Forgot to say this; you have to order your bees early, like NOW! They sell out fast. Last year I was all set except for the bees and I couldn't find any as I waited too long.


----------



## justgojumpit (May 5, 2003)

Joan, I ordered four nucs from Kutik's Honey in Norwich, NY. http://kutikshoney.com/nucs/bees_for_sale.htm
alas, they seem to be sold out already. If you can't find any bees, let me know. I live in NY and may be able to prepare a few splits for you after my spring flow.

justgojumpit


----------



## SusanB (May 26, 2006)

I have a swarm in my barn that will need to be removed. I can wait until spring if needed.

Susan


----------



## alleyyooper (Apr 22, 2005)

I bought two packages of bees from Spell Bee last spring and am happy with how they have did this year. I had mine picked up by a club member that was buying a trailer load from them but they do ship thru the mail. Mine cost 54.00 each last spring.

 Al


----------



## boxwoods (Oct 6, 2003)

If you have dsl or cable, this site is great for learning about bees.

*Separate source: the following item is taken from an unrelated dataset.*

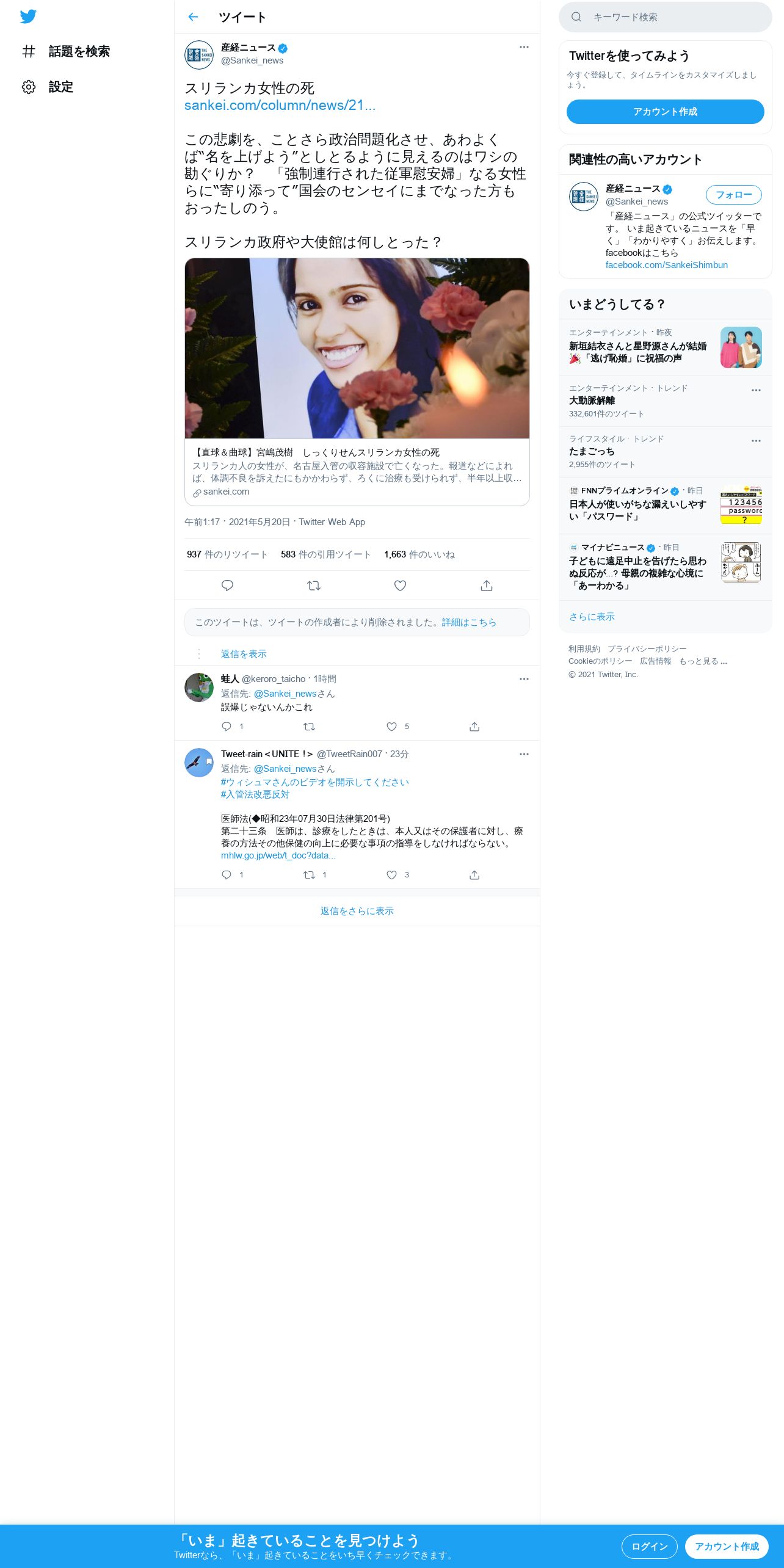 https://twitter.com:443/Sankei_news/status/1395187000064364544

http://tv.player.countrychannel.tv/skins/0018/nsp.aspx?player=countrychannel


----------



## Russ_NEPA (Sep 28, 2006)

What part of NY are you in? I get my bees from Draper's Super Bee in Millerton PA, Just south of NY State border in Central PA. Here is their web site:

http://www.draperbee.com/

I like to drive up and get them. Fun to visit and see all the cool beekeeping stuff in person.


----------



## suburbanite (Jul 27, 2006)

If you put out a hive during swarming season, will wild bees just move into it?


----------



## Terri (May 10, 2002)

Sometimes they do.

I had 3-4 boxes out this spring, and I had one small swarm move in. With some feeding it is now a medium-sized hive.


----------



## Mutti (Sep 7, 2002)

Last year Walter Kelly started selling pkgs. Jan 2 and they were almost sold out THAT day....we had it on our calendar to call that day and the phone was busy for hours. So plan ahead or find a local beekeeper early. DH says he's in the wrong business...should just concentrate on nucs. DEE


----------